Arrivé au ministère, c'est déjà la cohue.
Pour gagner du temps, il décide de gravir les deux étages
à pied. Voilà maintenant plus de deux heures qu'il passe d'un
bureau à l'autre, demandant aux fonctionnaires de lui expliquer
les démarches à suivre. Pour accélérer la procédure, il est
obligé de les soudoyer. A l'un il offrira une cigarette, à
l'autre un verre de thé et au planton il glissera un petit
billet. « Ces petits fonctionnaires jouent à un jeu
très dangereux. Ils sont capables de briser le destin des
gens. Les coulisses des tribunaux témoignent quotidiennement
d'agissements de la sorte, où les droits des citoyens se perdent
dans des labyrinthes de bureaux poussiéreux », lance
un vieil homme qui attend son tour depuis cinq heures. 
Arrivé en retard au département des ressources
humaines de la télévision publique où il travaille, un tas
de demandes l'attendent sur son bureau. A bout de nerfs, suite
aux remarques déplaisantes de son chef, les réponses de Mahmoud
à ses interlocuteurs sont désagréables. Inconsciemment, il
réagit en fait de la même façon que les fonctionnaires du
ministère. Il reprend même leurs phrases : « Revenez
demain, votre dossier n'est pas complet, votre salaire ne
vous permet pas d'obtenir un crédit.

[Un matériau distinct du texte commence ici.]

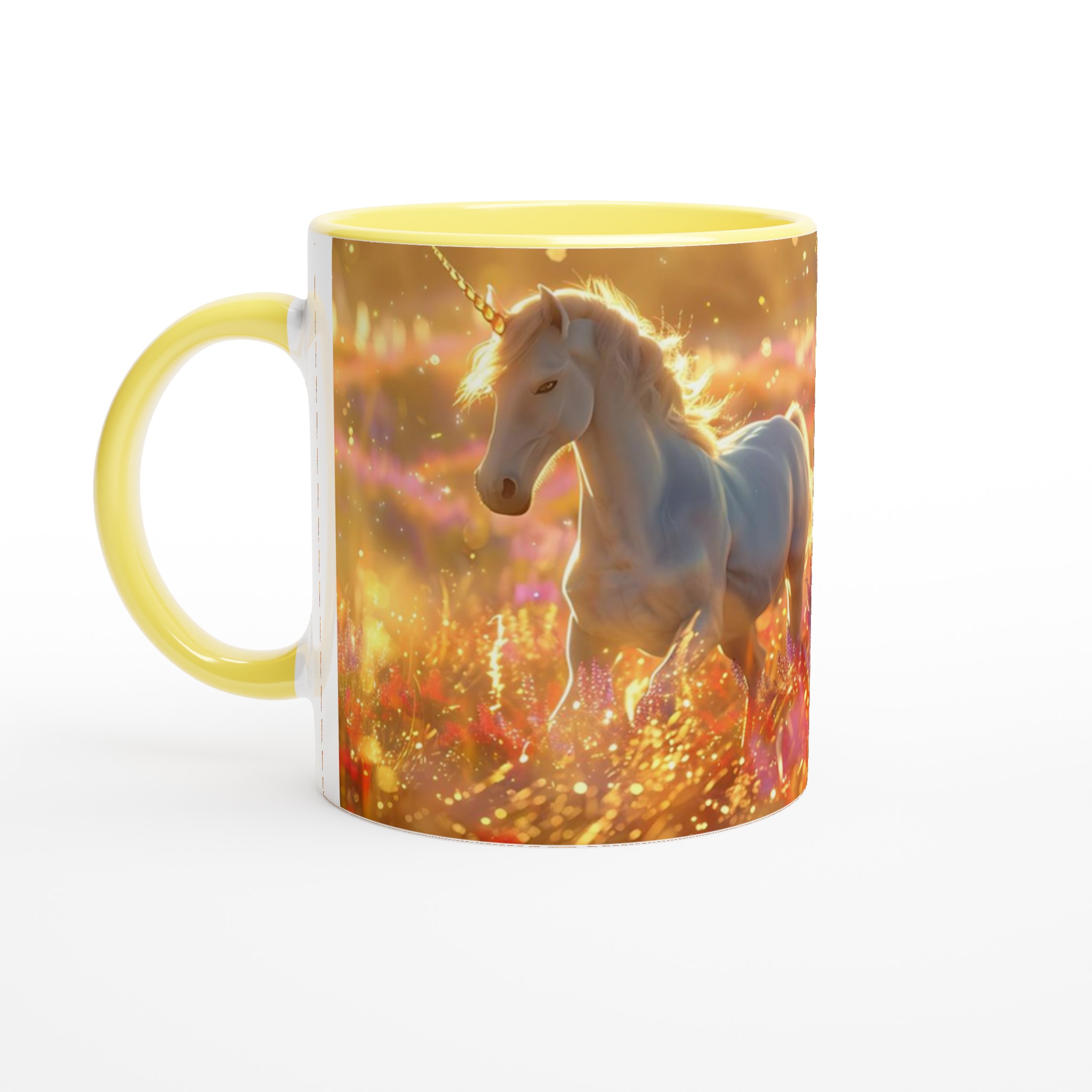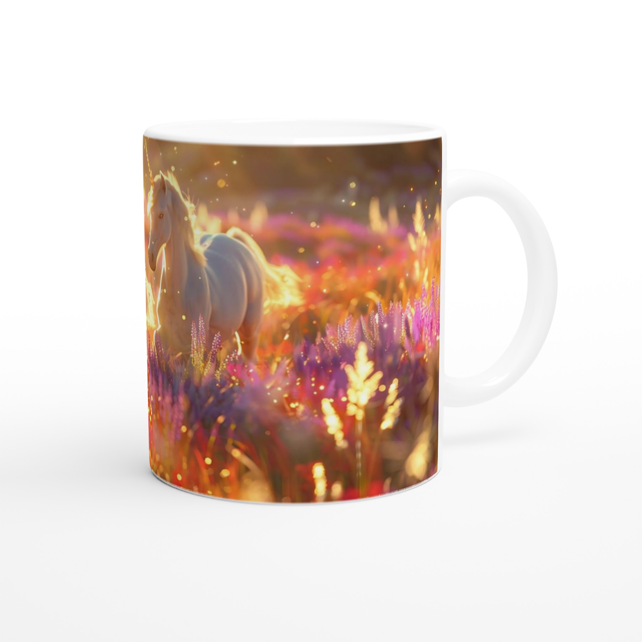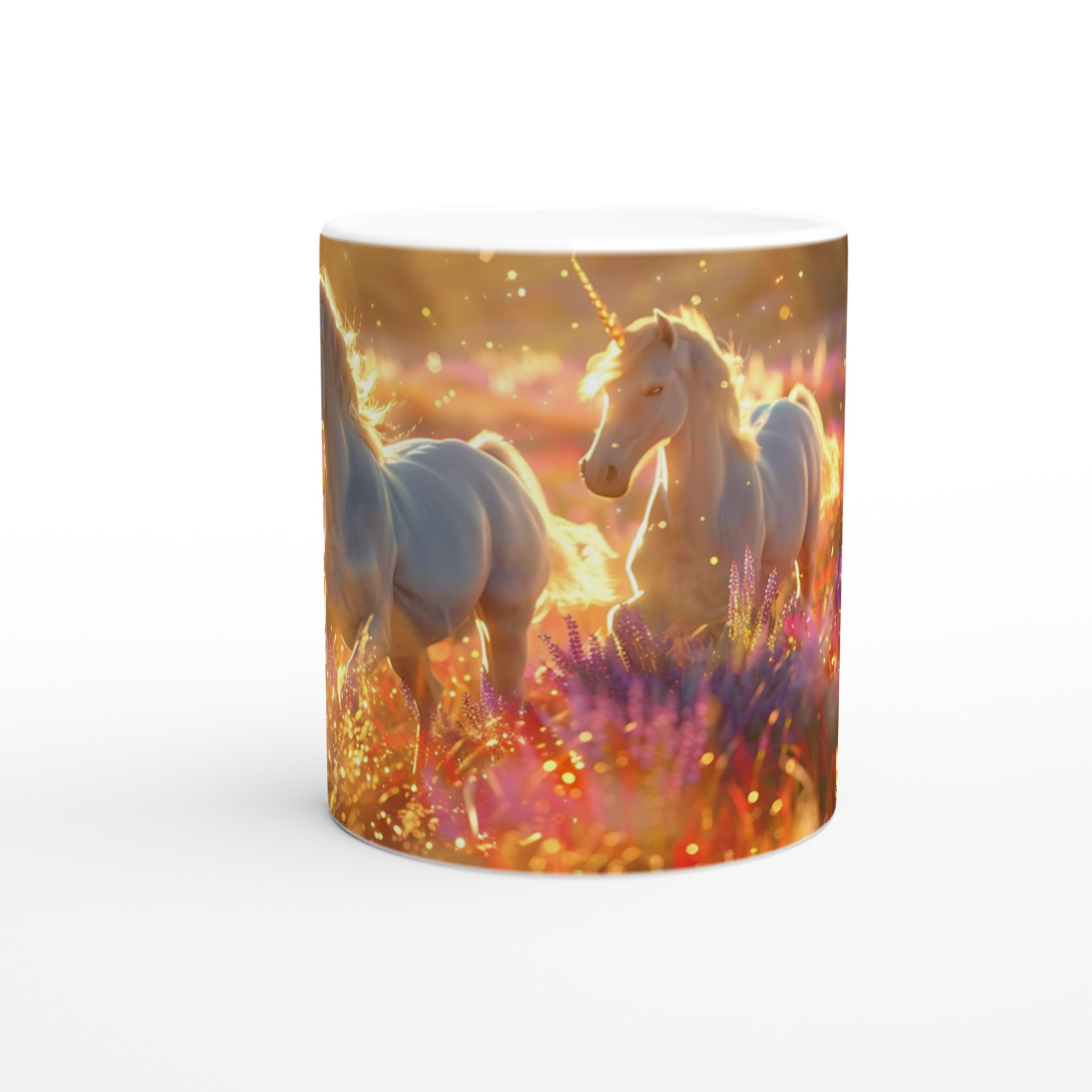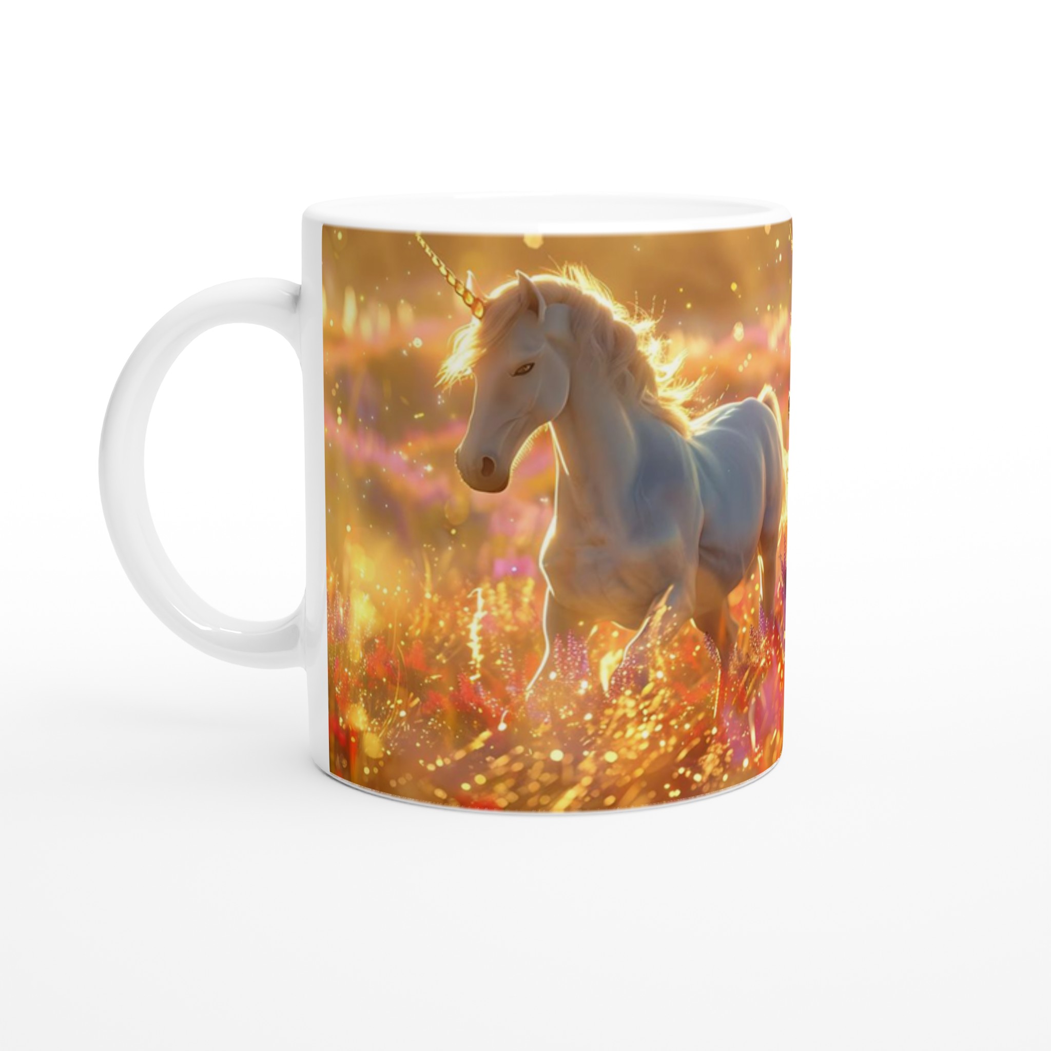 Fånga magin i varje klunk med vår förtrollande Keramiska Mugg, prydd med majestätiska enhörningar som dansar i ett hav av gyllene solsken och skimrande blommor. Denna mugg är mer än bara ett kärl; den är en inbjudan till en sagolik värld, perfekt för att lysa upp din morgonrutin eller addera en touch av fantasi till din fikastund.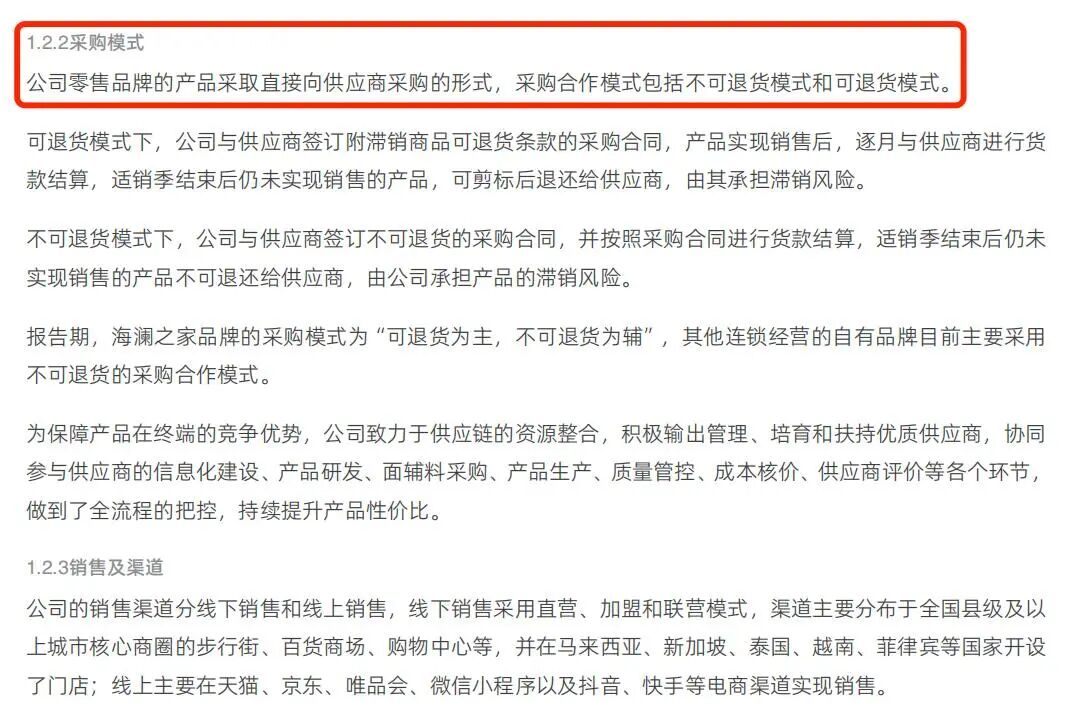 与此同时,海澜之家的采购模式还分为可退货和不可退货两种模式: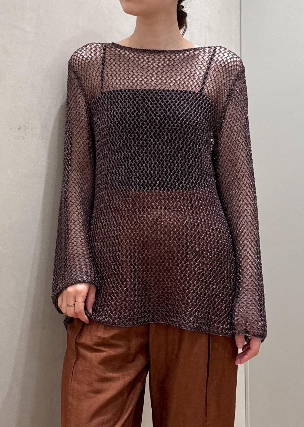 アウトレットROPÉラメコードメッシュプルオーバー/洗えるゴールド / F¥13,200レビュー肌触りが柔らかく、チクチク感も無く着られるメッシュトップス。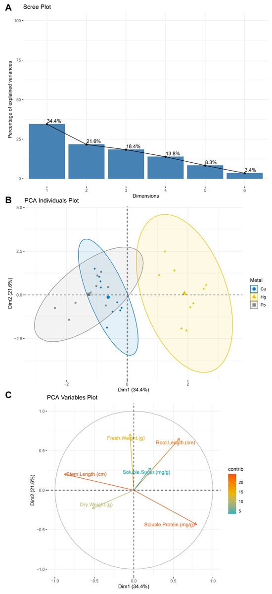 PCA results. (A) PCA after data standardization, showing the variance contribution rates of each principal component. (B) Distribution of the different heavy metal treatment groups (Cu, Hg, Pb) in the principal component space. Dots represent samples, and ellipses indicate the 95% confidence interval. Hg (yellow triangles) is positioned in the positive PC1 region, while Cu (blue circles) and Pb (gray squares) cluster in the negative PC1 region, with a partial overlap along PC2. (C) Contributions and directions of different variables in the principal component space, with the colors indicating the magnitudes of the contributions.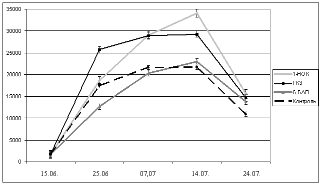 поверхні зумовило підвищення продуктивності культури. Зокрема за дії 1-НОК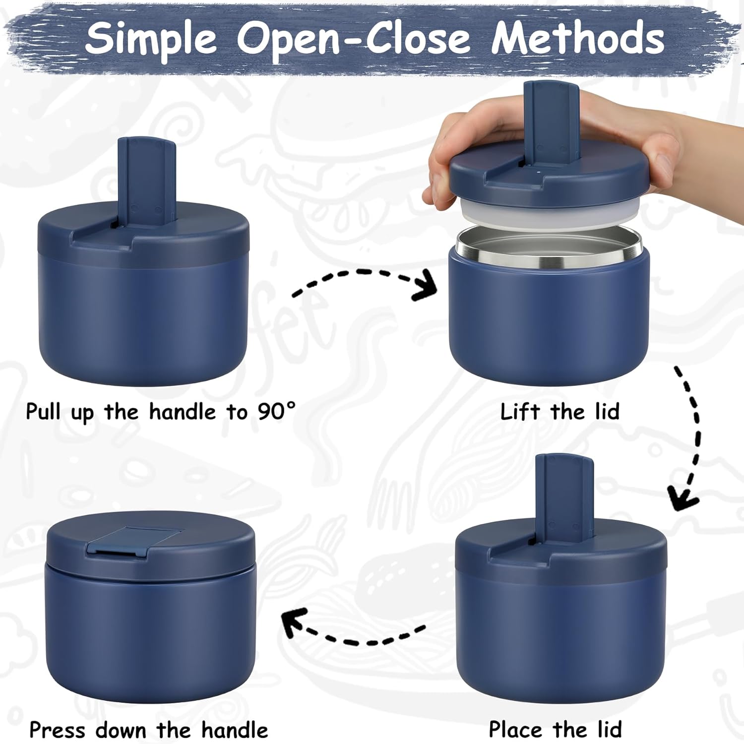 • 100% Leak Proof:Our food thermo comes with a thick silicone gasket. It is full sealed. So you can toss it in your bag or insulation bag without worrying about spills. Wide mouth design are also very easy to clean.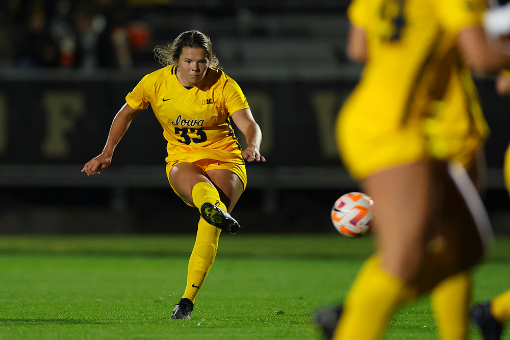 Iowa Hawkeyes midfielder Caroline Halonen (33) scores a goal during the second half of their game at the Iowa Soccer Complex in Iowa City, Iowa on Thursday, October 13, 2022. (Stephen Mally/hawkeyesports.com)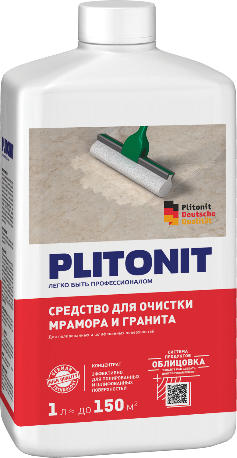 Является идеальным средством для очистки натурального камня, такого как: мрамор и гранит (пиленый, полированный и шлифованный). Продукт удаляет загрязнения природного происхождения (птичий помет, остатки листьев, налеты), а также загрязнения, появляющиеся в следствие ежедневного использования поверхностей.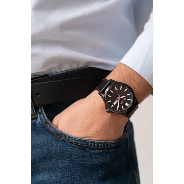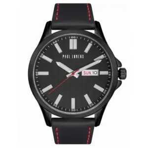 A Paul Lorens PL8071A3-1A3 férfi karóra kiváló választás azoknak, akik az elegáns megjelenést és a letisztult stílust keresik egyetlen modellben. A megbízható japán кварc szerkezet pontos időmérést biztosít, míg a dátumkijelző praktikus használatot nyújt a mindennapokban. A fém tok tartós, karcálló IPS/IPG bevonatot kapott, a fekete számlap pedig jól olvasható és modern összhatást kelt. A fekete, piros varrással díszített bőrszíj kényelmes viseletet és kifinomult megjelenést ad.
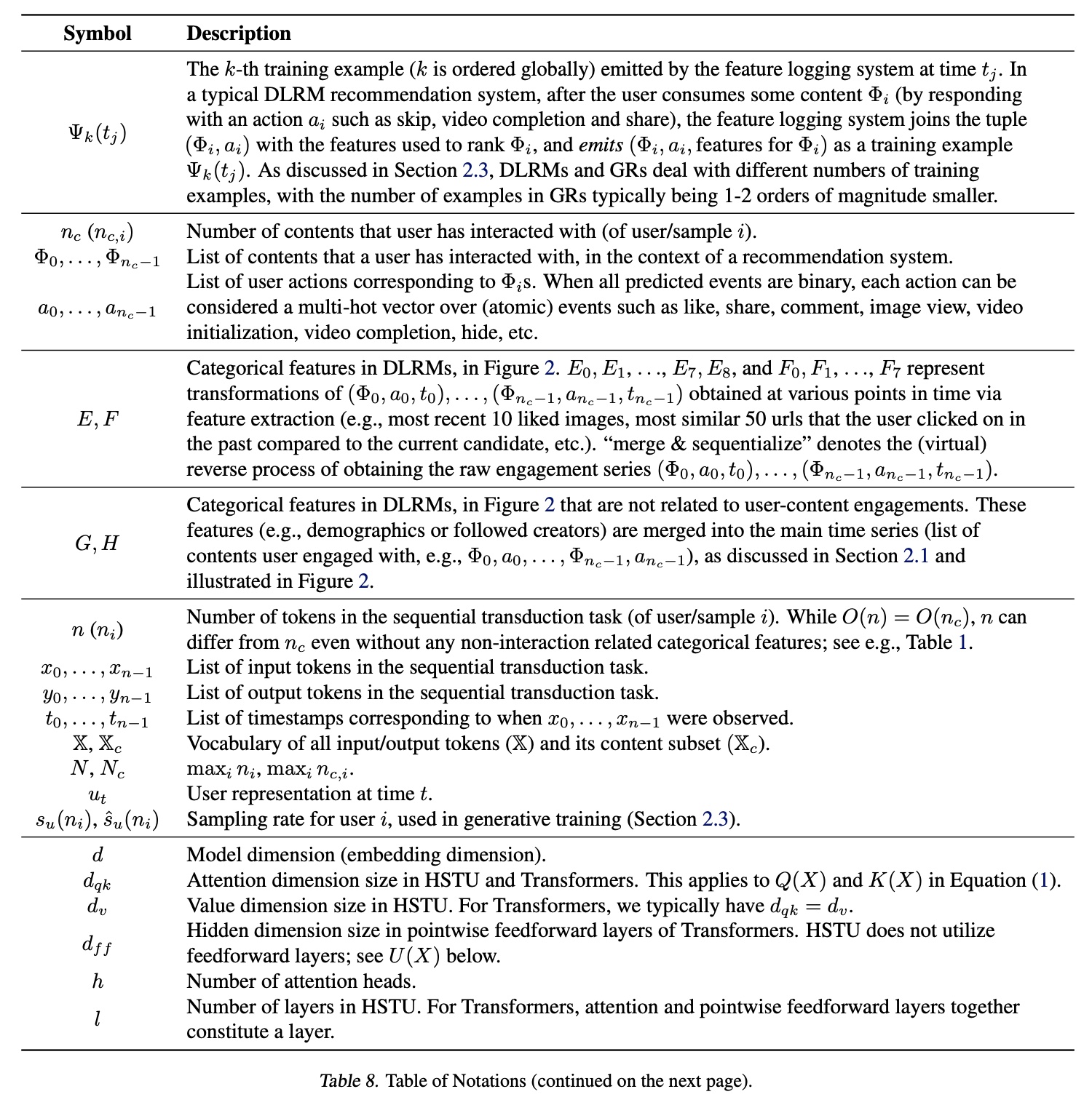 从问题公式的角度,我们认为上述所有工作均属于 DLRMs 的范畴,即使其模型架构、使用的特征和损失函数与附录 B.1.1 中讨论的学术序列推荐研究有显著差异。值得注意的是,在本文之前,工业界尚未有成功的 fully sequential ranking settings 的应用,尤其是在十亿日活跃用户(daily active users: DAU)规模下。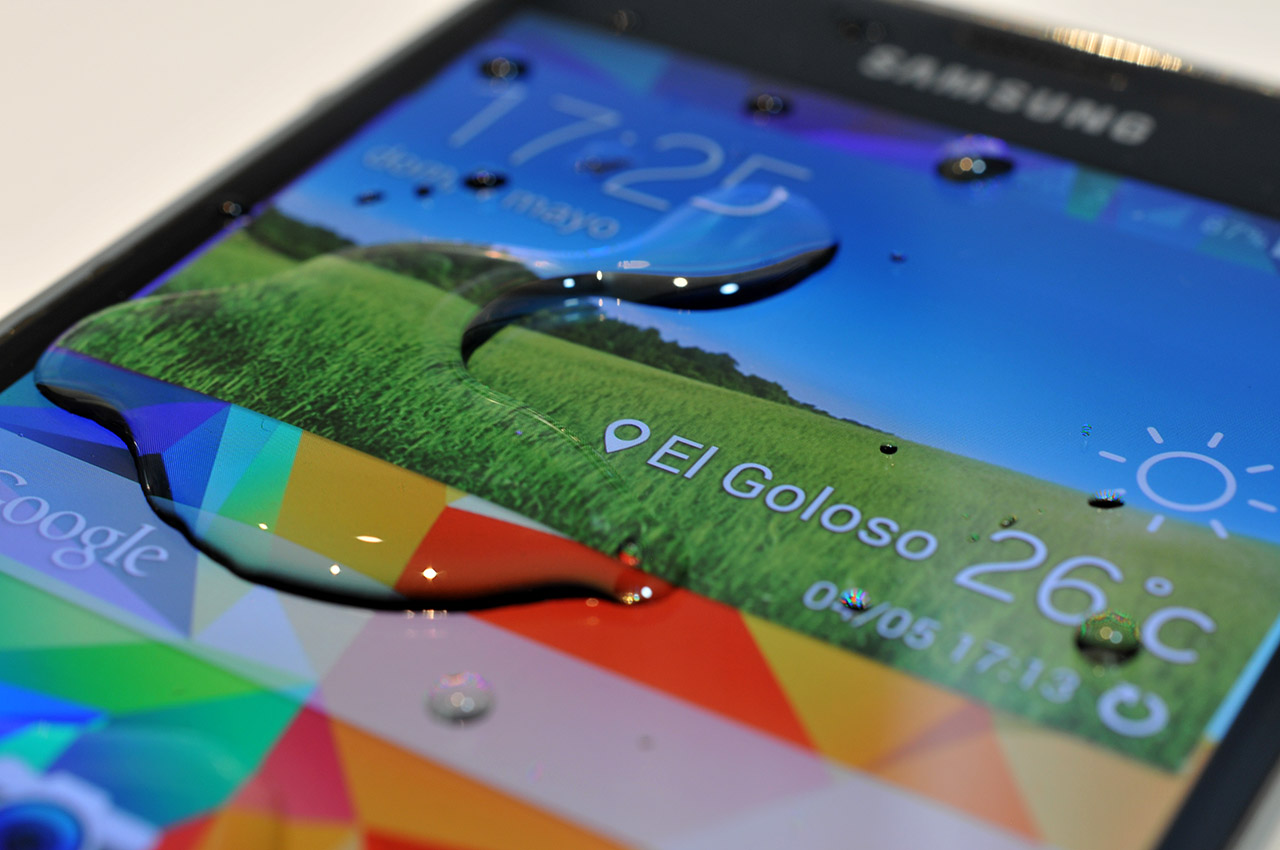 Se trata de un nivel de sellado algo inferior al del Sony Xperia Z2, que posee certificación IP58. De hecho Samsung afirma que el teléfono está protegido frente a sudor, lluvia y líquidos, pero no hace publicidad de que sea sumergible.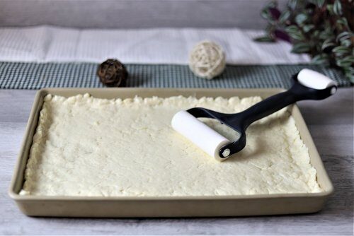 Den Teig nun direkt mit dem Teigroller auf dem gefetteten Ofenzauberer ausrollen.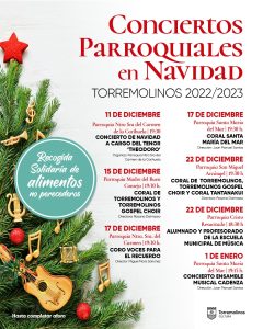 El 22 de diciembre tendrán lugar dos conciertos, uno en la Parroquia Cristo Resucitado a las 18:30 horas, a cargo del alumnado y profesorado de la Escuela Municipal de Música y otro una hora más tarde en la Parroquia San Miguel a cargo de la Coral de Torremolinos, Torremolinos Gospel Choir y Coral Tantanakui, bajo la dirección de Rosana Dalmaso.

Pas la peine de discuter,
je suis très occupé ». Pour se calmer, il poursuit
la lecture de son journal. Selon le psychiatre Alaa Morsi,
dans un quotidien aussi chaotique, impossible de s'arrêter
pour réfléchir et analyser les raisons de la colère. « Au
lieu de chercher à résoudre nos problèmes, nous nous défoulons
sur notre prochain. Un citoyen, dont les droits sont bafoués,
n'accordera pas ceux auxquels d'autres ont droit »,
explique Morsi. Une frustration qui est commune à de nombreux
Egyptiens et qui se répercute dans leur foyer.